PROMPT. Begin at the first line of the records below and, please, give each line again exactly until the line with "Select Automatically selects" is included.

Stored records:
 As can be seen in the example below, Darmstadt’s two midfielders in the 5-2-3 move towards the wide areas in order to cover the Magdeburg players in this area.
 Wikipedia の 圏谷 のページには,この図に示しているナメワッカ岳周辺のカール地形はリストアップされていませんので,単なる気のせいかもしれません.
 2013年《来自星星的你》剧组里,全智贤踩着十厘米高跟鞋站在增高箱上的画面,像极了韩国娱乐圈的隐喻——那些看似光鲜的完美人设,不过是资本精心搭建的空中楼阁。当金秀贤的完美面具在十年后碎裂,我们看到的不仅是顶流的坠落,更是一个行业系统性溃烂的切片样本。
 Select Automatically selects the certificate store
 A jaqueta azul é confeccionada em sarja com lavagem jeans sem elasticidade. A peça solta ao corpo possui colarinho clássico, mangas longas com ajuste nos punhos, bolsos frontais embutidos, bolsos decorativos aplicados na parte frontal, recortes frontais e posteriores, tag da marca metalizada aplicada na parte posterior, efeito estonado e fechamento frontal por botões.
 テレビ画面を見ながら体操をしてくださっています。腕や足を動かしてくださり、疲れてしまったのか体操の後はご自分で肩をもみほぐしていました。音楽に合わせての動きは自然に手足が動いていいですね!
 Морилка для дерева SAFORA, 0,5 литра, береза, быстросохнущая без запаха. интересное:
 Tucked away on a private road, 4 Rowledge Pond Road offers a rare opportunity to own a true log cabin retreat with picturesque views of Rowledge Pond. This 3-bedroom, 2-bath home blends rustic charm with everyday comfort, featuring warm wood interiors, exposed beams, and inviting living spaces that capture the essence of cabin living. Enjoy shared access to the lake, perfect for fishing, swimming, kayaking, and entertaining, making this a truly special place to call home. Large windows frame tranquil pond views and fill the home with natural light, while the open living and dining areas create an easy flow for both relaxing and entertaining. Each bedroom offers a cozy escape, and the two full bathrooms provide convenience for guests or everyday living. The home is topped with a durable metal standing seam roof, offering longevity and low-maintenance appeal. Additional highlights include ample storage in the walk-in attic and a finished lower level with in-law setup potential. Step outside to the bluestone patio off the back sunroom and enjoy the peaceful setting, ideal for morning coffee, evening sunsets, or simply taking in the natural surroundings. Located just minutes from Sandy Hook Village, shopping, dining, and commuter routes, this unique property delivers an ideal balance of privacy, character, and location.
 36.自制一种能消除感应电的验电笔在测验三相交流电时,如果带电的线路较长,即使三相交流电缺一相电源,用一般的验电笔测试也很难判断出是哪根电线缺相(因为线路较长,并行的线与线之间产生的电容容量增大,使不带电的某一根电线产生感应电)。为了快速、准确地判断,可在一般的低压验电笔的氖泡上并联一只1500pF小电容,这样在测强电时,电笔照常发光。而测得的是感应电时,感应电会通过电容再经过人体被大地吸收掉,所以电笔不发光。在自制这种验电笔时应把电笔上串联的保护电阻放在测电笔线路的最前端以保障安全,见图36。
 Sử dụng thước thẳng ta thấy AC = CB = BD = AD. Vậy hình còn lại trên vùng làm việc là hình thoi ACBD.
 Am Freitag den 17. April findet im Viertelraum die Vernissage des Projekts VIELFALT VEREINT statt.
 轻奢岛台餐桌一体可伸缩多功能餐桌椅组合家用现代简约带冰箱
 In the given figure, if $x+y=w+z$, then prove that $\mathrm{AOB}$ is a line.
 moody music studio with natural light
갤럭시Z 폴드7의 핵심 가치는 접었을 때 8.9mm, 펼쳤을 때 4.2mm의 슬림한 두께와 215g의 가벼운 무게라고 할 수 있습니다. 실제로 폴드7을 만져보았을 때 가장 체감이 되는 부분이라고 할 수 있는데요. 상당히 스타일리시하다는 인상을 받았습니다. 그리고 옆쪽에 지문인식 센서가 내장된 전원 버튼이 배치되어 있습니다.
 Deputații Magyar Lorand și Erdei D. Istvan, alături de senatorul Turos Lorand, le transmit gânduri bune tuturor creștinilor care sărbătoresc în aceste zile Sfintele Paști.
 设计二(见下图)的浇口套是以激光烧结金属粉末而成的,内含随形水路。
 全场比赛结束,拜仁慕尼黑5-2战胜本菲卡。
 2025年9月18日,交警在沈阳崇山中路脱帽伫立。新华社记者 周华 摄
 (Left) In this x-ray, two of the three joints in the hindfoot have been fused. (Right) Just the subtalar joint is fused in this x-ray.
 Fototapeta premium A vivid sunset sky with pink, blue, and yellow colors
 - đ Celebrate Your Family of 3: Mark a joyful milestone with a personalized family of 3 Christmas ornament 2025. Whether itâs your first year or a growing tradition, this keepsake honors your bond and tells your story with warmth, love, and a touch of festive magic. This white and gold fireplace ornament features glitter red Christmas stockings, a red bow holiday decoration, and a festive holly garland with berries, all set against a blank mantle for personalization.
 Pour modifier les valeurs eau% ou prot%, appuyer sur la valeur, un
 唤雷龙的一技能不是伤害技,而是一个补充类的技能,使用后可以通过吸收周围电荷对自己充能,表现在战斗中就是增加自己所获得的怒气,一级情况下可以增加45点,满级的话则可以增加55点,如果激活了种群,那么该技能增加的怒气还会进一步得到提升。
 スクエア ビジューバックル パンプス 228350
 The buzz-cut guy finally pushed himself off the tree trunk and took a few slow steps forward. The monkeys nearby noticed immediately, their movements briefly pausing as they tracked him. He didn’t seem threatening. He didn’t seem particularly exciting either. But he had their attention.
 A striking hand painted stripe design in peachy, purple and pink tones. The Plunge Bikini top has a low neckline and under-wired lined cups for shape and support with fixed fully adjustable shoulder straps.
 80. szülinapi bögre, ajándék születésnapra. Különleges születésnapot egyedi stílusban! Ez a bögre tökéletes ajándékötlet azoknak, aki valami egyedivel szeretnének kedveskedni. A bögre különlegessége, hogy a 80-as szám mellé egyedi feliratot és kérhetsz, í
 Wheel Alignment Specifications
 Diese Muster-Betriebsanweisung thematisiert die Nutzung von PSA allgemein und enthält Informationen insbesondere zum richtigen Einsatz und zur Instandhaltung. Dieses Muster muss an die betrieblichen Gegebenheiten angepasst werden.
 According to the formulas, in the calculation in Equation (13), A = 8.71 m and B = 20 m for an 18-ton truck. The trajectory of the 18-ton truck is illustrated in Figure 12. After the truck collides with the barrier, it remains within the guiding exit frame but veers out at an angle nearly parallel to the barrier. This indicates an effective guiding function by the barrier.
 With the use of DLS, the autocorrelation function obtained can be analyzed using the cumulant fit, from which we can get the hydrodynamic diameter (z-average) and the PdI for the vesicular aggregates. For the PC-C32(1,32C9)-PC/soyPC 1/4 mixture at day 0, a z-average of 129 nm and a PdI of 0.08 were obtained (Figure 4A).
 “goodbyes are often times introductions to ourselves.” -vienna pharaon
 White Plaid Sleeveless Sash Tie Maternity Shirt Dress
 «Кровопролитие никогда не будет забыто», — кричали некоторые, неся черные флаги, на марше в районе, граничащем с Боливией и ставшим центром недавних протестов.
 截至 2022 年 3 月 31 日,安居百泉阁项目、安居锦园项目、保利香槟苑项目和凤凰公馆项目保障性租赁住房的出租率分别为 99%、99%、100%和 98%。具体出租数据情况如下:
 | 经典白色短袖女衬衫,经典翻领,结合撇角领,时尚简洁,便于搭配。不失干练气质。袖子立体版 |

RESULT OF THIS TASK.
 As can be seen in the example below, Darmstadt’s two midfielders in the 5-2-3 move towards the wide areas in order to cover the Magdeburg players in this area.
 Wikipedia の 圏谷 のページには,この図に示しているナメワッカ岳周辺のカール地形はリストアップされていませんので,単なる気のせいかもしれません.
 2013年《来自星星的你》剧组里,全智贤踩着十厘米高跟鞋站在增高箱上的画面,像极了韩国娱乐圈的隐喻——那些看似光鲜的完美人设,不过是资本精心搭建的空中楼阁。当金秀贤的完美面具在十年后碎裂,我们看到的不仅是顶流的坠落,更是一个行业系统性溃烂的切片样本。
 Select Automatically selects the certificate store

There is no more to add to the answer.